Even a short government shutdown would harm the economy. Economists at Morgan Stanley estimate that every week of a shutdown would shave 0.15 percentage point from the quarterly pace of gross domestic product. (GDP grew at an annualized 2.5% pace in the second quarter, according to the latest government estimate.) That doesn’t account for indirect damage to markets or confidence.
The stock market’s relative calm in recent weeks may be masking potential damage ahead. Investors, who tend to focus on shorter-term concerns, often don’t react until the last minute. That happened two years ago, when lawmakers went down to the wire on pacts in the spring and summer of 2011 to avoid a government shutdown and a debt default. Another accord, crafted in the closing hours of 2012, averted the budget cuts and tax changes known as the fiscal cliff.
Breaching the nation’s borrowing limit and defaulting on debt would be unprecedented and pose the graver economic risk, as it could drive up U.S. borrowing costs and tarnish the nation’s credit rating in the long run. The fight alone could roil financial markets as it did starting in late July 2011, when a standoff triggered Standard & Poor’s to downgrade the nation’s triple-A credit rating, contributing to a 16% decline in the Dow Jones Industrial Average in the months that followed.
Most observers think a default this time is likely to be averted, as it was two years ago, by an 11th-hour deal. Still, Flack Steel’s business took a hit from all three crises in 2011 and 2012. "You can watch our earnings evaporate three months after each event," Mr. Flack said. "Our customers start pulling back their business" in the weeks around every fiscal deadline in Washington.

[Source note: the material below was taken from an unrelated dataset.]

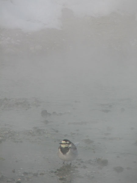 温泉が流れ込んでいるので、絶え間なく水蒸気があがっています。
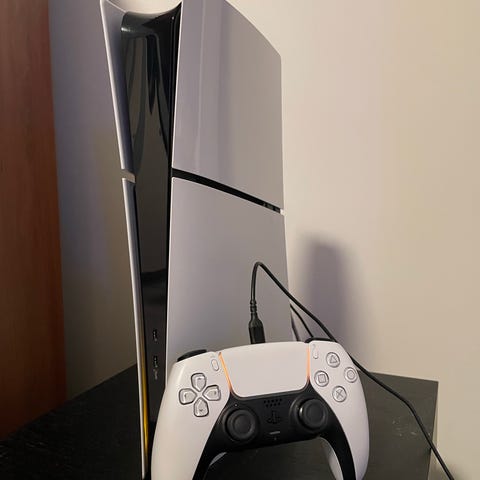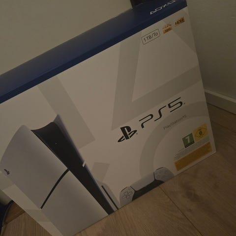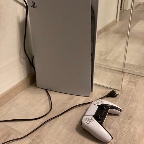 Sony Playstation 5 pelikonsoli, jossa mukana ohjain. Laite on suunniteltu nykyaikaiseen pelaamiseen ja tukee uusimpia pelejä ja ominaisuuksia.

The steel industry already is suffering from high raw-material prices and a glut of steel on the world market, among other things. Some steel executives had been hoping the U.S. government would order up new steel-intensive infrastructure projects, something that seems increasingly unlikely.Sales to companies for highway construction and infrastructure projects have been "like a yo-yo," Mr. Flack said, with discord in Washington disrupting supply cycles and telescoping outlooks to a few months from a few years. Customers that once took the long view "have become very shortsighted" and reluctant to commit capital, he said.
After the fiscal-cliff standoff, business spending as a share of the economy fell 4.6% in the first quarter of 2013 from the previous quarter.Similar caution is evident nationwide today. A Moody’s Analytics gauge of uncertainty over government policy is on the rise, similar to surges during previous budget battles. The measure is based on credit-default swaps on U.S. Treasury debt, aspects of certain tax provisions and surveys of businesses about their regulatory concerns.
In August, one benchmark of economic confidence registered its first decline in six months. The Equipment Leasing and Finance Association’s index of new business was down 11% from July and 7% from August 2012.
The drop in the index, which measures leasing and financing activity for commercial equipment used in technology, health care, energy and other sectors, is due to waning confidence, said Adam Warner, president of Key Equipment Finance, the Colorado-based arm of financial-services firm KeyCorp.
Instead of stepping up their leasing, businesses are postponing commitments. "They are thinking, Let’s push this off and see what’s going to happen,. Is the economy going into a tailspin because of a possible government shutdown?’" Mr. Warner said.
Such retrenchment ripples through the broader economy and can be a bellwether for the labor market. "When a business is acquiring equipment, chances are you are going to be hiring someone to operate that equipment," Mr. Warner said. "When we see a fall in that activity, typically there is going to be less employment."